Graph of a disjoint cluster of the HPRD dataset after analysis with our method using a cutoff of P < 10−6. Note that this cluster is featured in the BiNGO analysis results displayed in Table 4.

Figure 1 shows an interesting subnetwork with highly significant edges, genes (nodes) of large propensity, and genes with related functions. The Dishevelled 1 (Dvl1) member of this subnetwork is part of the wingless/Int (Wnt) signaling pathway. The Wnt pathway has a reciprocal signaling relationship with the hedgehog pathway, which requires oxysterols for optimal function (Corcoran et al., 2009). The Wnt hedgehog connection is important in stem cell renewal. Interestingly, oxysterol binding protein-like 3 (Osbpl3) is a member of the subnetwork as well as Dvl1. Furthermore, the subnetwork contains two membrane-associated proteins: mucolipin 3 (Mcoln3), a cation channel protein (Cuajungco and Samie, 2008) and aquaporin 2 (Aqp2), a water channel protein (Carbrey and Agre, 2009). An emerging theme in cancer research is the notion of evolving genetic networks (Maxwell et al., 2008). Networks constructed using the Poisson multigraph model can robustly identify unexpected connections with known oncogene pathways such as the Wnt pathway. These connections may ultimately suggest novel therapeutic strategies.

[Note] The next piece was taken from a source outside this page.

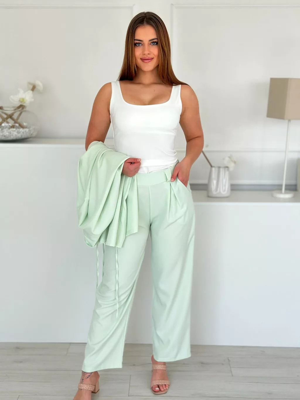 Csinos szett ,nem rugalmas, átlapolt, megkötős, béleletlen, díszzsebes blézer, magas, gumis derekú, elegáns, zsebes nadrággal. (S-L méretre ajánljuk.)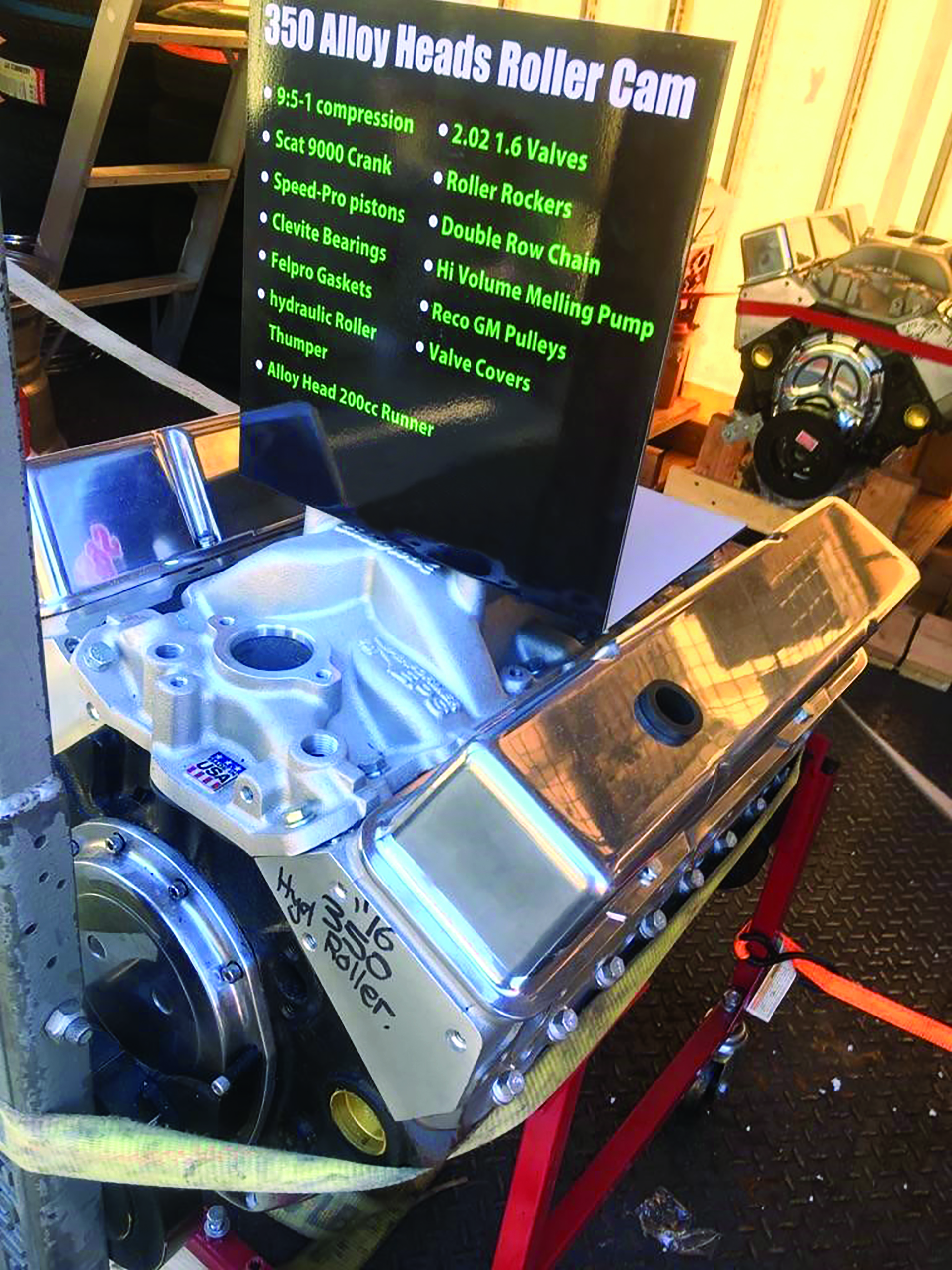 9:5-1 compression, Scat 9000 crank, Speed-Pro pistons, Clevite bearings, Felpro gaskets, hydraulic roller thumper, alloy head 200cc runner, 2.02 1.6 valves, roller rockers, double row chain chain, Hi-Volume Melling pump, reco GM pulleys and valve covers. #008

4.3 Protein interactions via literature curation

With the advent of high-throughput experimentation, an enormous mass of information on protein interactions has accumulated. Because there was initially no universal format for presenting interactions, many of the early discoveries were useful only to the originating labs. This bottleneck forced coordination and eventually the construction of unified databases with fixed formats combining all of the published information. A notable example of this process of curation is the Human Protein Reference Database (Keshava Prasad et al., 2009). We downloaded Release 7 of the database and analyzed it with the random multigraph model.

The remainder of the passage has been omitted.